The group also relies on support from one of its major shareholders,
Surrenda-link Limited, in order to meet its obligations as they fall due. The
directors have received assurances from Surrenda-link Limited that it will
provide continuing financial support of up to #50,000 for not less than 12
months from the date of approval of these financial statements.
On the basis of the above, and all other available information, the directors
consider it appropriate to prepare the financial statements on the going concern
basis.
2. Loss per share
The calculation of the basic loss per share is based on the loss after tax of #
516,421 (2001 - loss after tax of #1,494,008) and on 115,625,000 (2001 -
81,681,164) ordinary shares, being the weighted average number of ordinary
shares in issue.

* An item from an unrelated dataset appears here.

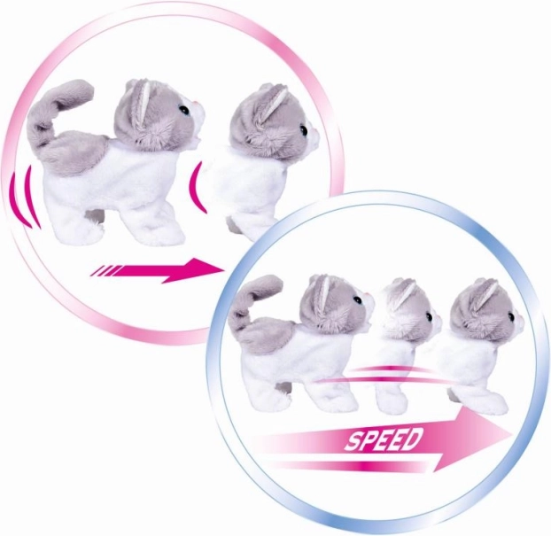 Aranyos interaktív plüss cica, amely puha tapintású és örömet szerez minden gyermeknek. Két sebességgel mozog, csóválja a farkát, és vidám hangokat ad ki. Ideális társ mindennapi játékhoz és ölelgetéshez.
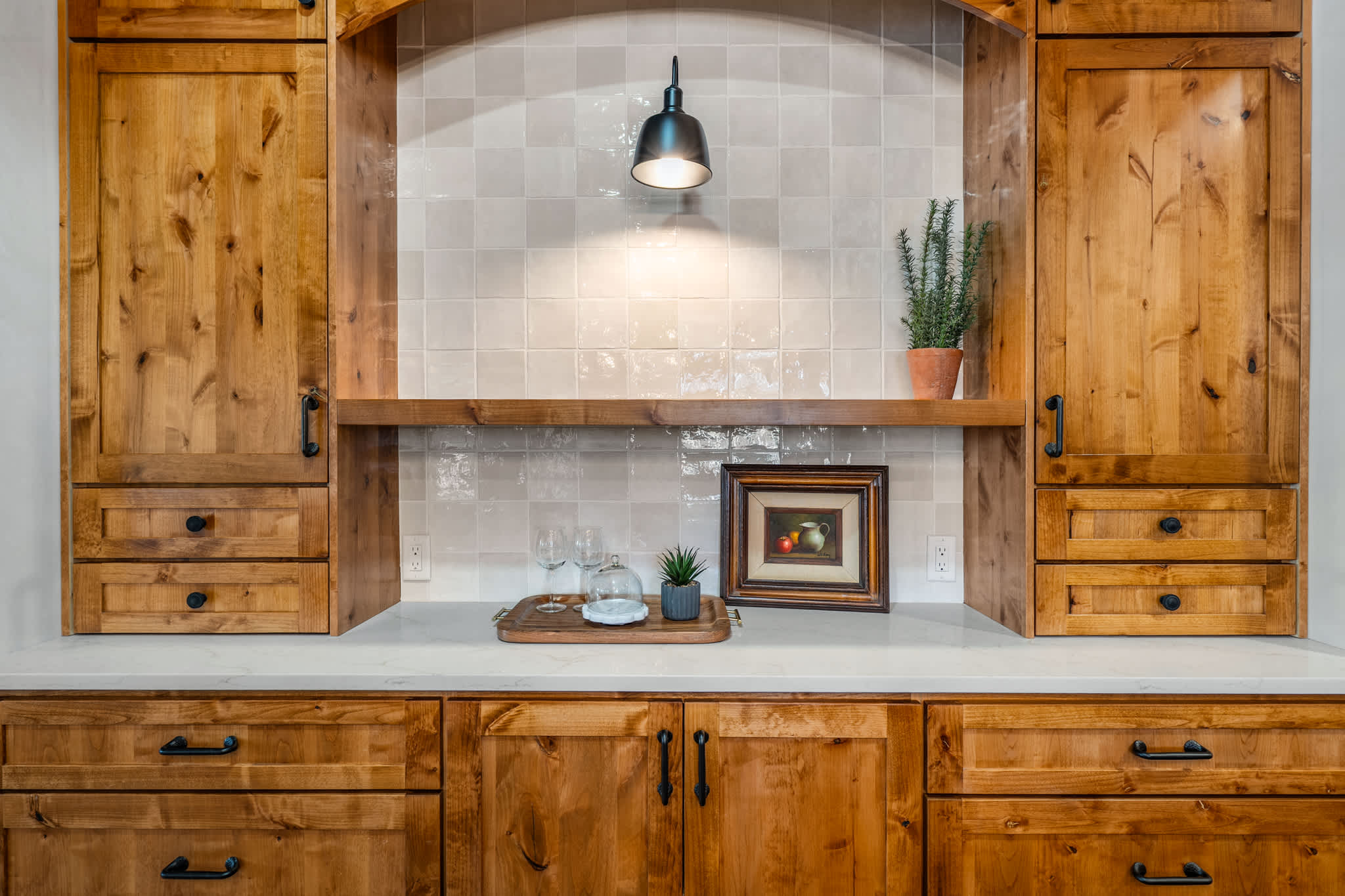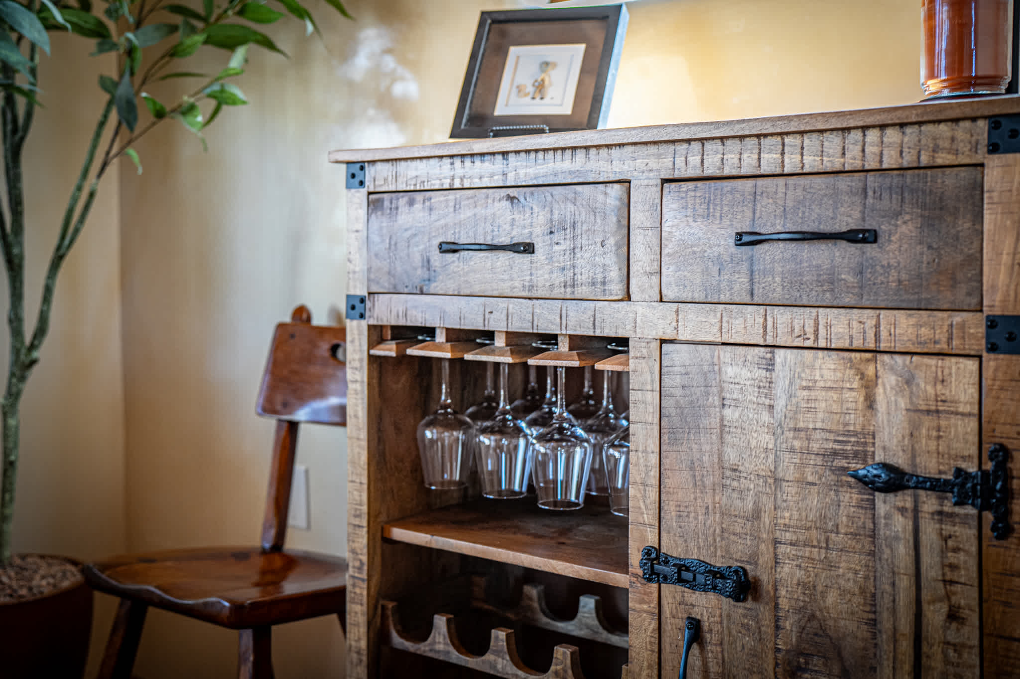 The kitchen is both functional and visually striking, with artisan wood cabinetry, open shelving, stone countertops, and a large central island. High end appliances and generous prep space make it easy to cook for a group. The adjacent dining area features a hand finished wood table with seating for shared meals, while the open layout keeps everyone connected.

The options in issue at the year-end are anti-dilutive.
3. Dividends
The Directors are not proposing the payment of a dividend in respect of the
year ended 31 December 2002.
4. Creditors: amounts falling due within one year
2002 2001
# #
Bank overdraft 72,565 11,949
Trade creditors 322,030 285,979
Other creditors 5,214 11,120
Creditors for taxation and social security 105,733 375,505
Accruals 123,607 237,698
----------- -----------
629,149 922,251
=========== ===========
The bank overdraft is secured by a fixed and floating charge over the assets of
the Company.
5. Publication of non-statutory accounts
The financial information set out in this preliminary announcement does not
constitute statutory accounts as defined in Section 240 of the Companies Act
1985.
The consolidated balance sheet as at 31 December 2002 and the consolidated
profit and loss account, consolidated cash flow statement and associated notes
for the year have been extracted from the Group's audited financial statements
on which the auditors provided an unqualified report which did not contain a
statement under S237(2) or (3) of the Companies Act 1985. Those financial
statements have not yet been delivered to the Registrar of Companies. The 2001
accounts have been delivered to the Registrar of Companies and the auditors
reported on them, their report was unqualified and did not contain a statement
under s237(2) or (3) of the Companies Act 1985.
6. Copies of accounts will be sent to shareholders shortly and will also be
available at the Company's registered office.